The mausoleum originally had a funerary pagoda made from brick and stone slabs, in addition to a tumulus. Only the pagoda's foundations remain, which show that it was originally square, measuring 5.50x5.65 m. Below the funerary pagoda and tumulus, the princess' burial comprised an entry passage, tomb entrance, internal passage, and burial chamber. The burial chamber is underground, and was excavated in October 1980. The burial chamber measured 2.10x3.10 m and was built from bricks, with stone slabs forming the roof. The mounds of earth lined with stones demonstrate the continuance of Goguryeo-style tomb but the formal clothing shows Tang style, which implies that Balhae actively accepted the Tang culture. There were originally 12 murals depicting people on the rear walls of the internal passage and north, east, and west walls of the burial chamber. The chamber is surrounded by four murals on each wall, depicting thirteen people in action, such as warriors (3), chamber attendants, musicians, and maids, wearing red, blue, yellow, purple, and brown robes. The murals displayed the image of the Balhae people in its completeness for the first time.

The burial chamber contains a 1.05-metre tall, 0.58-metre width × 0.26-m depth mugui-shaped (土圭) complete and unbroken granite epitaph, on which 728 Chinese characters, in the Regular Script style, are inscribed in 18 horizontal lines. The epitaph is of a typical combined written form, which contained both the chronological writings of the Princess' whole life and the remembrance writings which displayed the praise and remembrance for the Princess. The Balhae scholar author of this epitaph was highly learned in the traditional Chinese literature, as reflected in the use of poetic lines modeled upon poets of the early Tang dynasty.

===Interments===
The epitaph explains that Princess Chŏnghyo is the fourth daughter of King Mun, the third ruler of Balhae and a younger sister of Princess Jeonghye (貞惠公主). The epitaph shows that Balhae considered its ruler as an emperor equivalent to that of the Tang dynasty.

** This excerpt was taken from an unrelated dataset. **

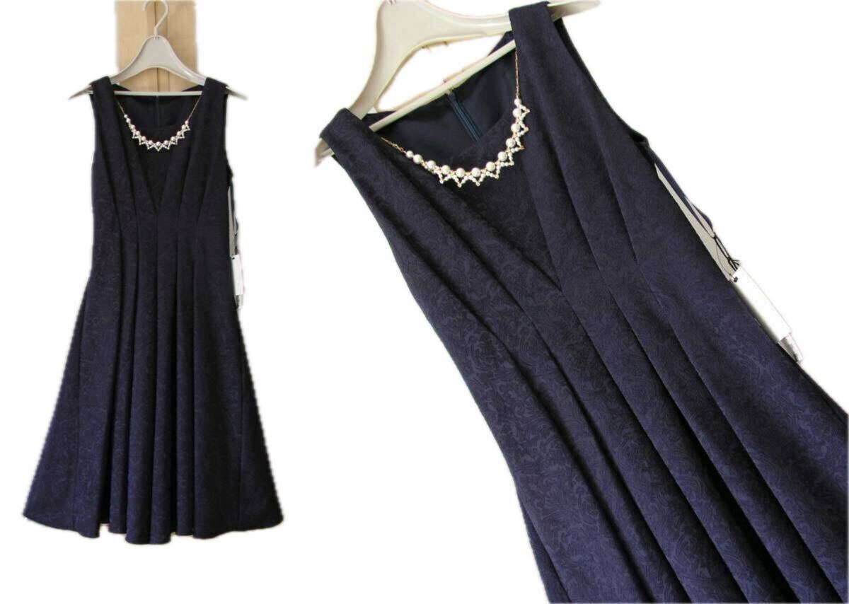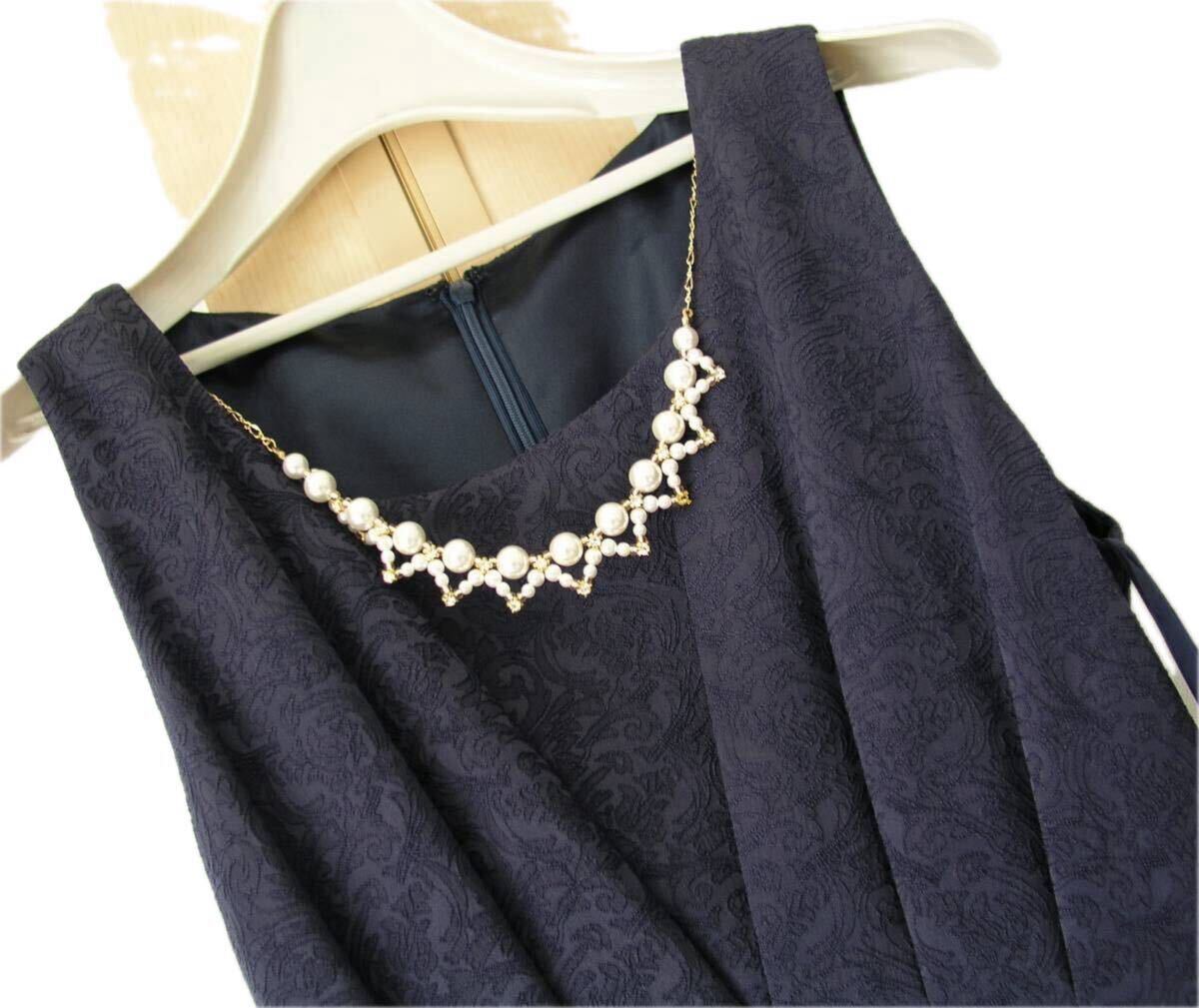 表記サイズ:2 平置き実寸:着丈約94、脇下身幅約42 ** 実寸サイズにつきましては、多少の誤差はお許しください。 2番目画像のネックレスをおまけとしてお付けします。 素材:ポリエステル97、ポリウレタン3 裏地:ポリエステル100 カラー:紺 ※カラーに関しては、一般的に見えるお色を記載しております。 あくまでも私見ですので、予めご了承ください。 | ||

The epitaph also recorded that the Princess died on Monday, 6 July 792, during the fifty-sixth year of the Daeheung era. She was accompanied in the burial at Ran Valley (染谷) in Xi Yuan (西原 or Western Plains) in the winter of 809 (已卯) (western Gregorian solar calendar Monday, 11 January 810, Chinese lunar calendar 28th day of the 11th month). She was given the posthumous name "Chŏnghyo" to qualify her as virtuous and filial. She was likely a horse-rider, as the remains of a horse were found in the chamber. The epitaph recorded the year of death as 792. This corrected previous works such as Jin Yufu's (金毓黻) Book of the Balhae Kingdom (渤海國志長編), which recorded 793 instead.

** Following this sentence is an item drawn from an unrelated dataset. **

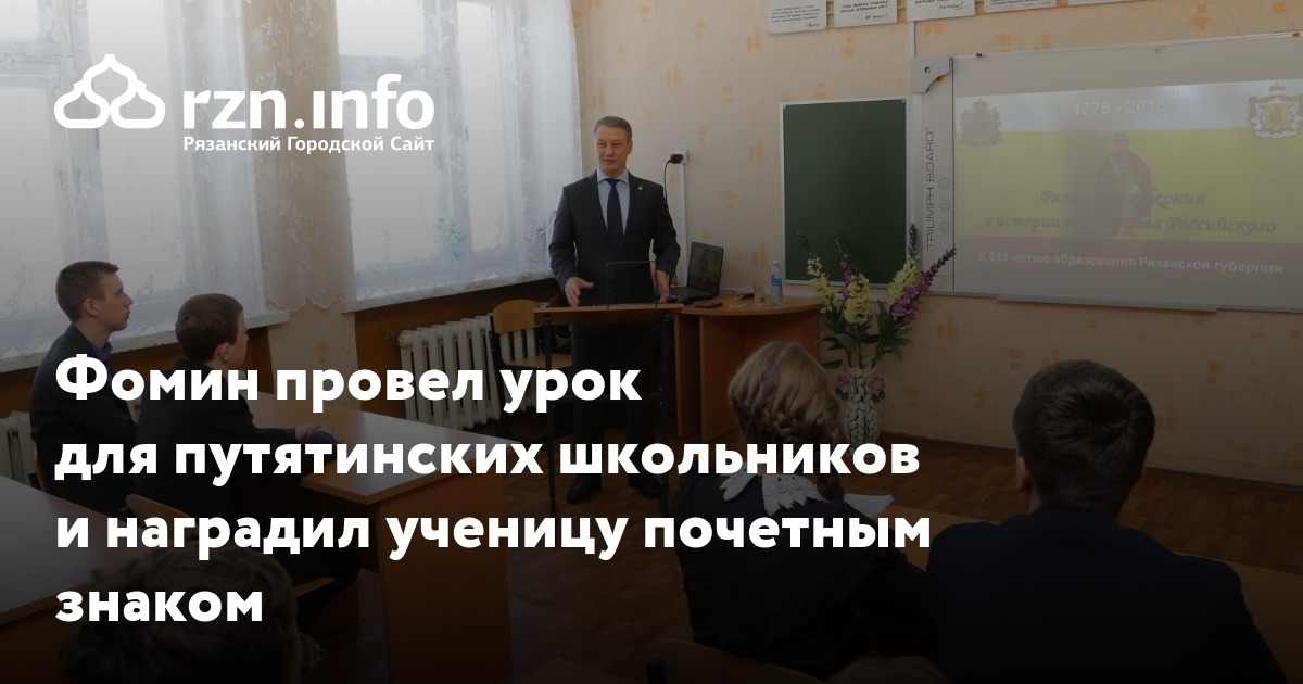 Фомин провел урок для путятинских школьников и наградил ученицу почетным знаком

The skeletal remains were scattered all over the chamber when discovered by archaeologists, due to previous looting. However, the looters missed several golden and copper items, jewelry, pottery, and figurines. The gold ornament depicting a three stranded bird's wing is a piece of evidence demonstrating how Balhae was inherited of Goguryeo's crowns. Reconstruction showed that the bones belong to a woman, presumably the princess; but there is also a male, possibly an attendant or child. But family ancestry records do state that the princess married and had a daughter who was born in 782 but died in 787.